DATA RECORDS:

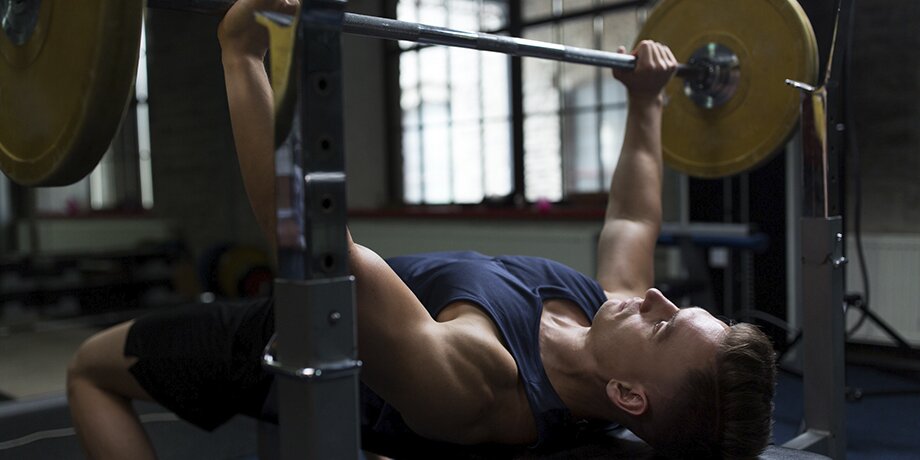 Дроп-сет. Прекрасный метод, гарантированно дающий новый результат. Отчасти это сочетание пампинга с тяжелой, силовой работой. Разберем прием на примере упражнения "жим штанги лежа". Допустим, человек жмет "на раз" сто килограммов. Тогда для выполнения метода он навешивает на штангу вес, с которым может сделать от 3 до 6 повторений. Допустим, это 90 килограммов: значит, его задача – собрать штангу весом 90 килограммов, но не большими дисками, а "пятерками". Получается, с каждой стороны будет висеть по семь дисков.
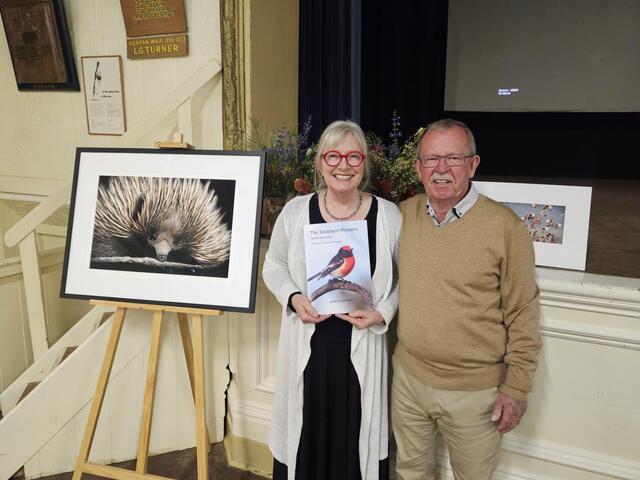 Dr Annette Marner with member for Stuart Geoff Brock at the launch of her new book A Celebration of Wildlife and Landscapes at the Wirrabara Hall. (supplied)
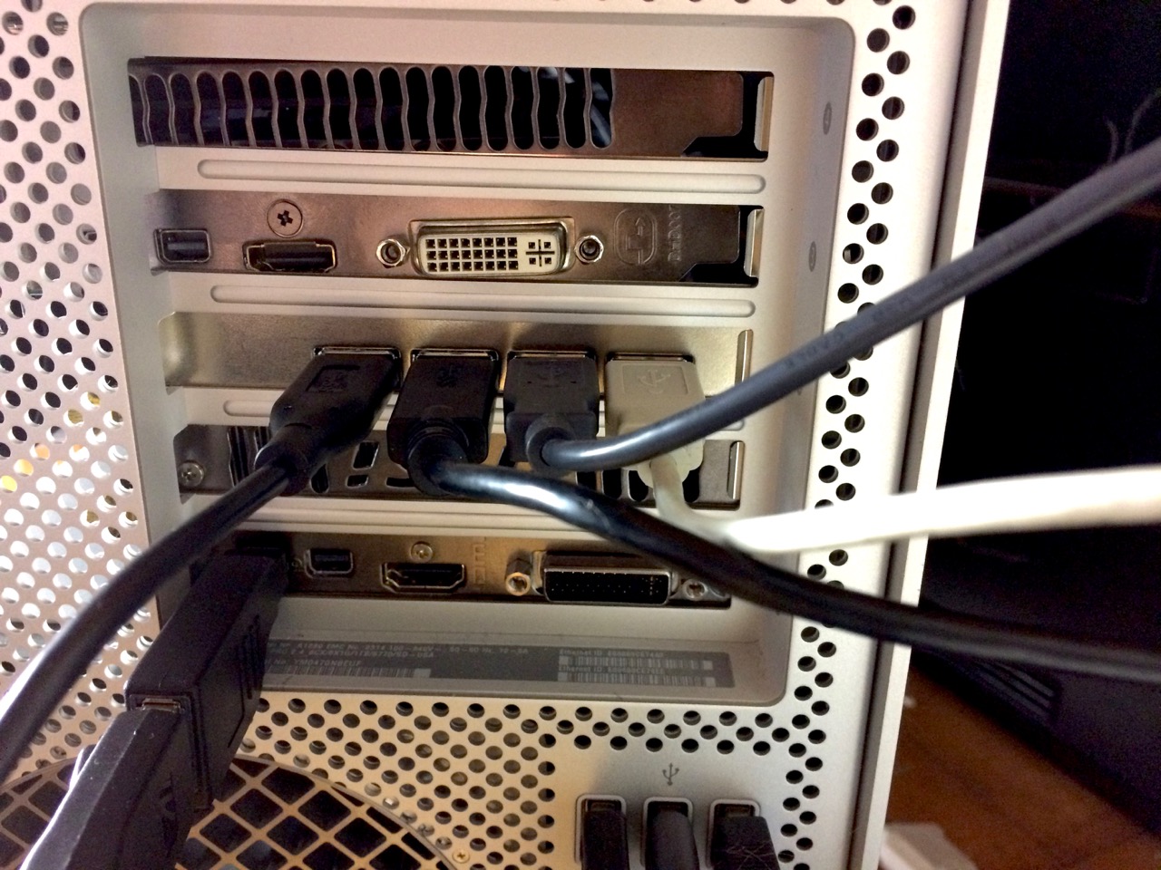 One problem with putting the 2nd GPU on a riser card is that it is heavy and doesn't get enough support, so it tends to sag downward. The Mac Pro's card bracket can't hold it in place, in fact I couldn't get the bracket/bar thing to fit at all in this config, so I used some short knurled thumbscrews to lock in the other cards. Also, at least one of the ports on the 2nd GPU is obstructed, and in fact you could easily unseat the card while plugging/unplugging since it is only secured by friction. I don't plan to use any ports on the 2nd GPU, so I will put tape over them. Here's what the rear panel looks like:
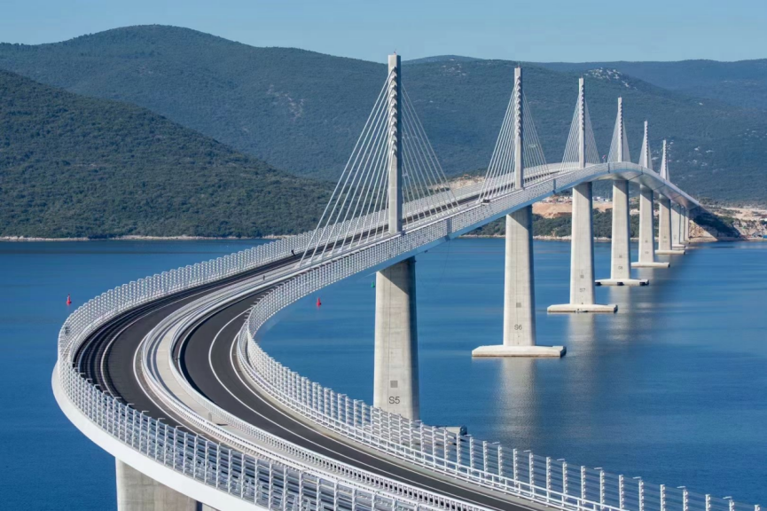 克羅地亞佩列沙茨大橋是連接克羅地亞本土與佩列沙茨半島的橋梁工程,也是中克兩國之間規模最大的基建項目。佩列沙茨大橋為六塔鋼箱梁斜拉橋,橋梁全長2440米。項目采用歐洲標準建設,是克羅地亞最大的國家戰略工程,巨力索具承接該項目810噸橋面鋼箱梁吊具。
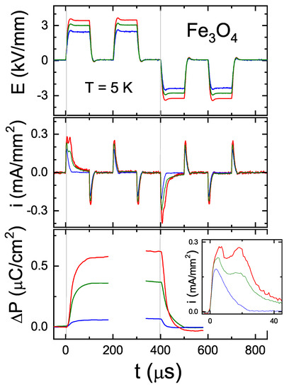 Based on the above, we have chosen a temperature of 5 K and a time scale of 1 ms for our PUND [19,20] measurements (Figure 3), a factor of 100 slower than used by Alexe et al. [18]. We applied two positive and two negative pulses of trapezoid shapes with relatively steep flanks, as displayed in the top panel of Figure 3. Shown are the results for three different pulse heights, corresponding to 3.5, 3, and 2.5 kV/mm, displayed in red, green, and blue, respectively. These values are in the range of the coercive field as indicated by the measurements performed at 0.5 kHz by Schrettle et al. [21]. The current-response, shown in the middle panel, is dominated by peaks at the flanks of the pulses and for the second and fourth pulses is very close to simply being proportional to the time-derivative of the electric field. This is thus a capacitive response and has to be expected to be present given that the sample plus electrodes forms a capacitor. Looking closely at the current responses in the middle of the second and fourth pulses, one can see that there is a very small Ohmic contribution (constant current for constant electric field) as well.
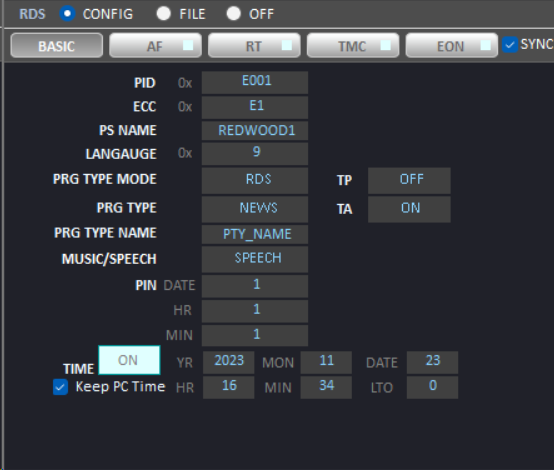 測試對象為FM-RDS的發(fā)射機(jī),使用我司的RWC2100F可進(jìn)行實(shí)時的FM-RDS內(nèi)容監(jiān)測,包括TA TP EON AF信息,以及RDS內(nèi)容中的拓展文本及時間內(nèi)容,實(shí)現(xiàn)全方位的發(fā)射機(jī)內(nèi)容測試。
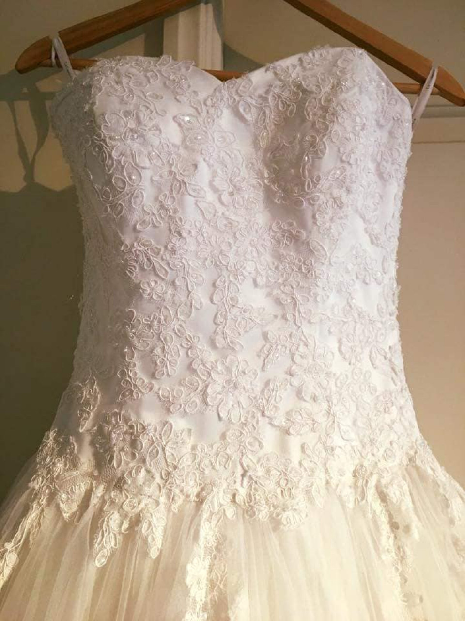 Vestido corte princesa, tono Ivory, un uso, talla 38 con corset por lo que podría servir para otras tallas cercanas. La parte superior tiene mostacillas con encaje, el diseño del encaje se continúa sutilmente con la falda, que está hecha de capas de tul (no requiere uso de falso). Mido 1.63 cm y lo usé con un taco pequeño de 4 cm.

TASK TO COMPLETE: Would you copy, exactly, each line from the start of the listing above through the line with "Dr Annette Marner", both ends included, but none of the pictures?

TASK ANSWER:
 Дроп-сет. Прекрасный метод, гарантированно дающий новый результат. Отчасти это сочетание пампинга с тяжелой, силовой работой. Разберем прием на примере упражнения "жим штанги лежа". Допустим, человек жмет "на раз" сто килограммов. Тогда для выполнения метода он навешивает на штангу вес, с которым может сделать от 3 до 6 повторений. Допустим, это 90 килограммов: значит, его задача – собрать штангу весом 90 килограммов, но не большими дисками, а "пятерками". Получается, с каждой стороны будет висеть по семь дисков.
 Dr Annette Marner with member for Stuart Geoff Brock at the launch of her new book A Celebration of Wildlife and Landscapes at the Wirrabara Hall. (supplied)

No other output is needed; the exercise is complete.